Deutsche Bank AG (DE:DBKGn) (NYSE:DB) reported net income of €466 million ($512.4 million) in second-quarter 2017, significantly up on a year-over-year basis. Income before income taxes more than doubled to €822 million ($903.9 million) on a year-over-year basis.
Cost management and reduction in provisions were positive factors. However, lower revenues due to trading slump were an undermining factor. Notably, net new money inflows were recorded during the quarter.
Weak Revenues & Low Provisions Recorded, Costs Fall
The bank reported net revenue of €6.6 billion ($7.3 billion) in the second quarter, down 10.8% year over year.
Revenues at the Corporate & Investment Banking (CIB) division of €3.6 billion ($4.0 billion) declined 16% compared with the year-ago quarter. Lower global transaction banking, Financing and Sales & Trading revenues led to the fall. These negatives were partially offset by higher origination and advisory revenues.
The Private & Commercial Bank (PCB) segment’s revenues totaled €2.6 billion ($2.9 billion), down 7% year over year.
The Deutsche Asset Management (Deutsche AM) segment posted revenues of €676 million ($743.3 million), down 4% year over year. Excluding the Abbey Life gross-up, revenues were up 7% year over year, driven by elevated performance fees in Alternatives and higher management fees.
The provision for credit losses plummeted 70% from the year-ago quarter to €79 million ($86.9 million). The decline resulted from improved performance in the Corporate & Investment Bank (CIB).
Non-interest expenses of €5.7 billion ($6.3 billion) were down 15% from the prior-year quarter. Non-interest expenses included reduced restructuring and impairment costs.

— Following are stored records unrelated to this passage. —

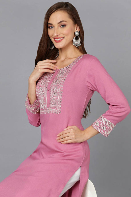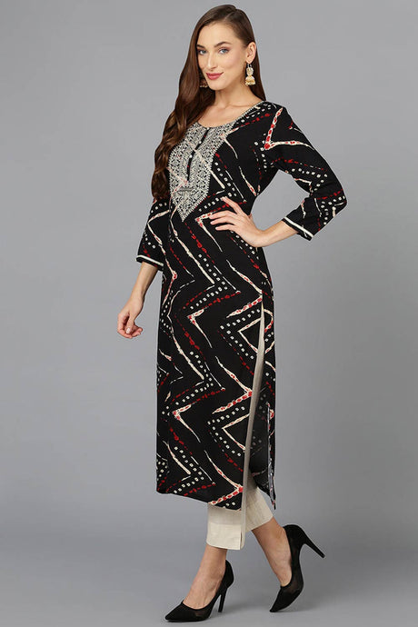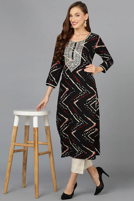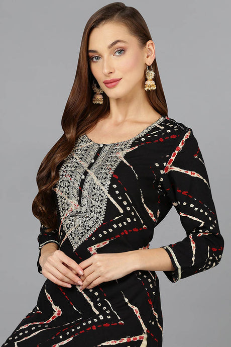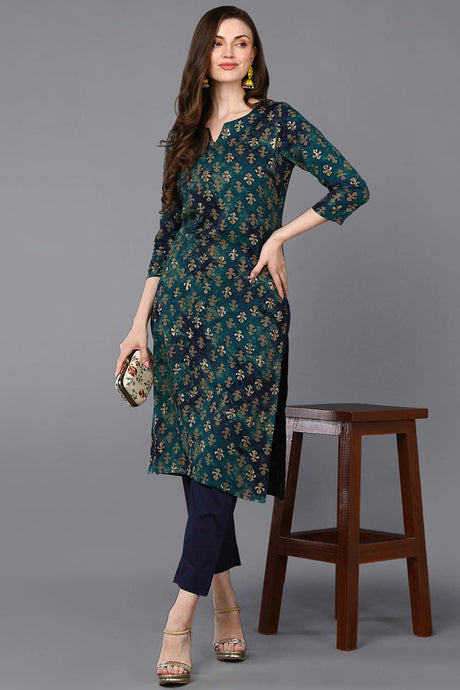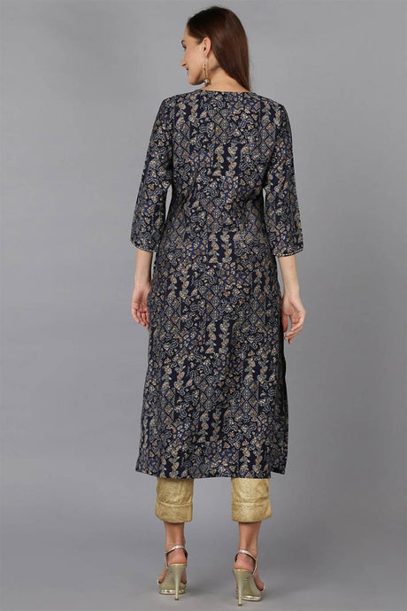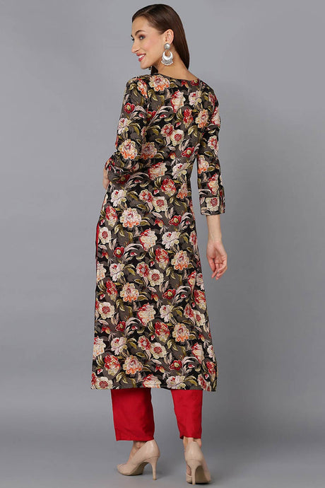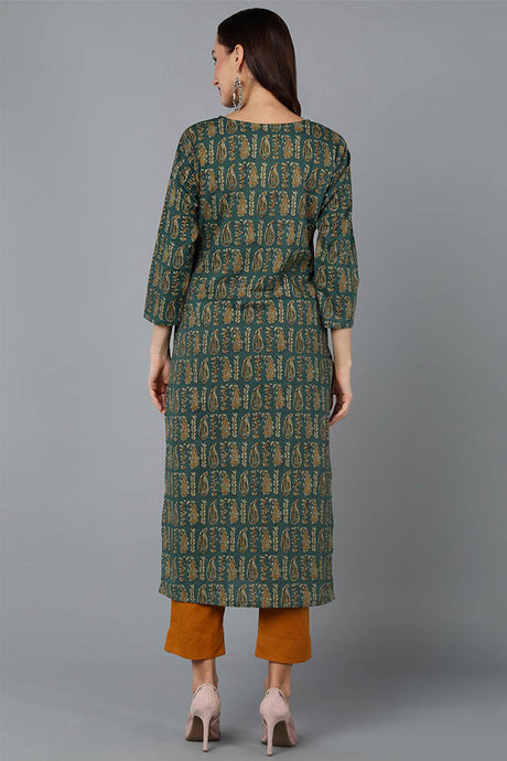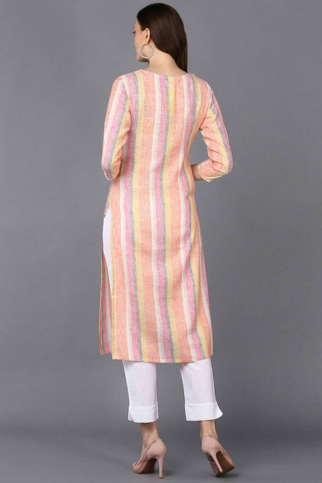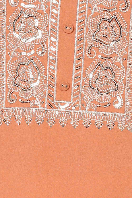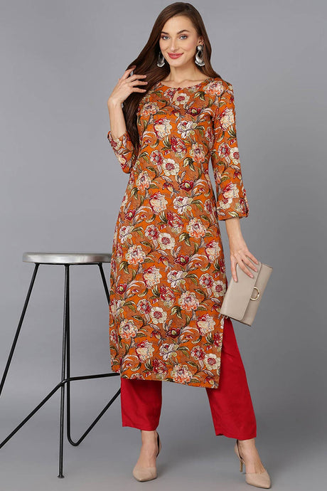 Orange Cotton Floral Print Keyhole Neck Kurti
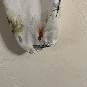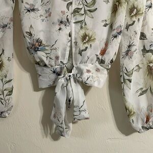 Elevate your style with this elegant floral wrap blouse. Featuring a delicate white and green pattern, this top is perfect for any occasion. The wrap design adds a touch of sophistication to your wardrobe. Women’s size small.
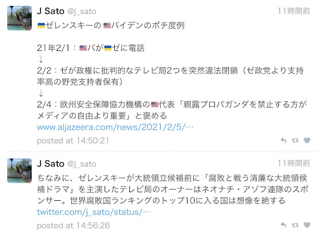 ところでこういう情報に行き当たったんだけど、どうだい? 信憑性を自ら調べてみたら。ボクは半日ほどかかって先のほうはテレビ局2つじゃなくて3つのーーZIK, NewsOne, and 112 Ukraineーー違法閉鎖なのがわかったけど、ネオナチのアゾフ連隊のほうはまだわかんないや。 |
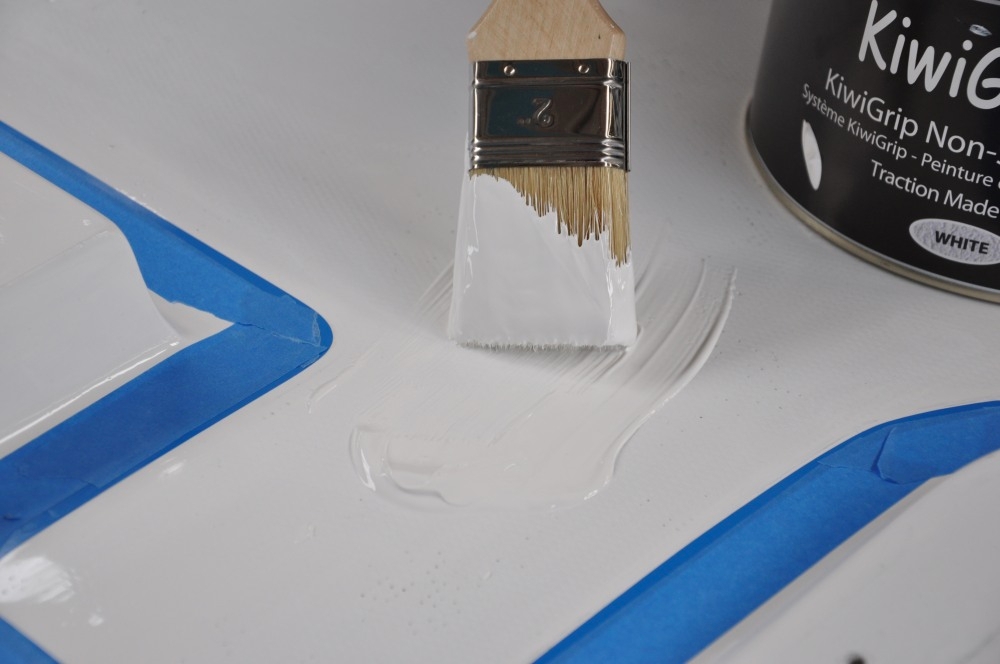 Wieder sind wir einen gehörigen Schritt vorangekommen. Das Deck ist zweimal lackiert und mit dem Antirutschbelag “Kiwi-Grip” versehen. Ein tolles Zeug! Wir sind wirklich begeistert.
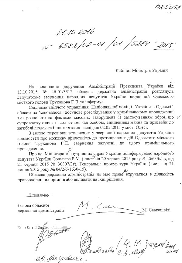 В переданном УП письме Саакашвили отчитывается перед Кабмином, который на то время возглавлял Владимир Гройсман, как ОГА рассмотрела обращение нардепа Сольвара о причастности мэра Одессы Труханова к трагедии 02.05. в Одессе.
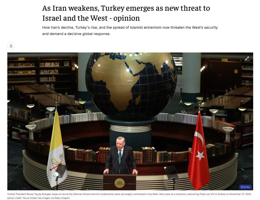 Jeruselam Post, “Türkiye, Suriye’deki tartışılmaz varlığının ötesinde, Gazze Şeridi’nde de agresif bir şekilde yerleşerek İsrail’i hem güneyden hem de kuzeyden kuşatacak şekilde konumlanıyor.” ifadelerine yer verdi.
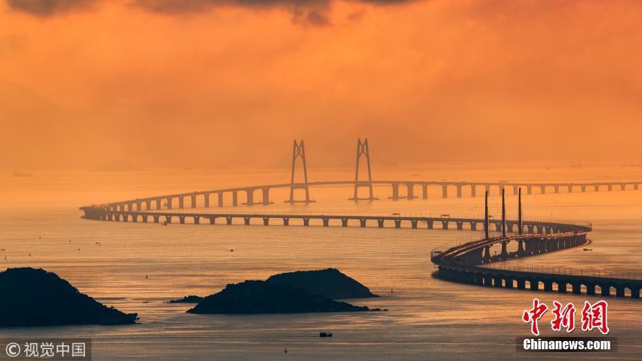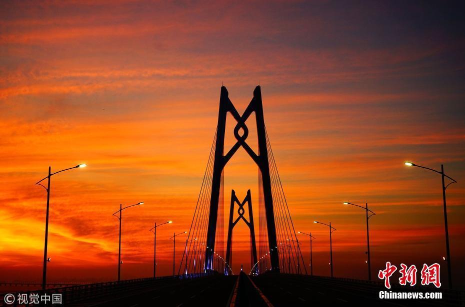 2018年7月18日,珠海,滿天紅霞,亮燈后的港珠澳大橋跨立在伶仃洋上,進(jìn)入通車前的最后準(zhǔn)備。張由瓊 攝 圖片來(lái)源:視覺(jué)中國(guó)
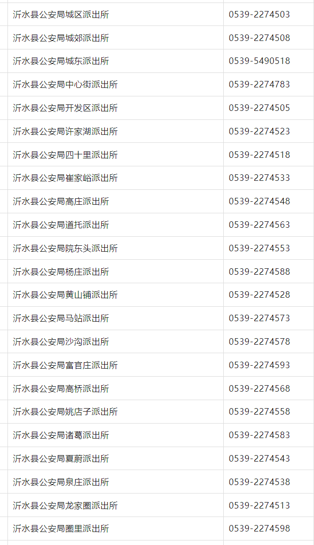 山东临沂市沂水县辖区各派出所户政户籍窗口业务咨询预约电话大全表:
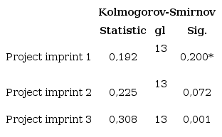 Once the normality test for verifying the specific hypotheses was performed, it was concluded that if there was one or more non-normality data, the Wilcoxon non-parametric test should be used.

Further, disposals and the closure of the Non-Core Operations Unit (NCOU), lower litigation costs and cost-management initiatives by the bank led to the decline.
Deutsche Bank’s Common Equity Tier 1 (CET1) capital ratio (pro-forma Capital Requirements Regulation (CRR)/Capital Requirements Directive 4 (CRD 4) fully loaded) came in at 14.1% as of Jun 30, 2017, compared with 10.8% recorded as of Jun 30, 2016. Leverage ratio, on an adjusted fully loaded basis, was 3.8% as of Jun 30, 2017, up from 3.4% in the prior-year quarter. Risk-weighted assets amounted to €355 billion ($405 billion) as of Jun 30, 2017, down 11.7% year over year.
Our Viewpoint
Deutsche Bank reported a decent quarter with prudent cost-control initiatives. To resist another financial meltdown, banks in Europe are under stringent regulatory pressure to maintain a sturdy capital position. Following the capital raise last quarter, Deutsche Bank is focused on its series of additional actions and new financial targets, replacing the ones announced in Oct 2015.
Furthermore, if the planned investment reaps benefits, the excess capital in the future would be returned to shareholders, in turn, boosting their confidence.
Though the restructuring efforts of Deutsche Bank look encouraging, it is really difficult to determine how much the bank will gain, considering the prevailing headwinds.
Deutsche Bank currently carries a Zacks Rank #2 (Buy). You can see the complete list of today’s Zacks #1 Rank (Strong Buy) stocks here.
Among other foreign banks, Mitsubishi UFJ Financial Group, Inc. (NYSE:MTU) , Itau Unibanco Holding S.A. (NYSE:ITUB) and The Royal Bank of Scotland Group (LON:RBS) plc (NYSE:RBS) are scheduled to report results on Aug 1, Jul 31 and Aug 4, respectively.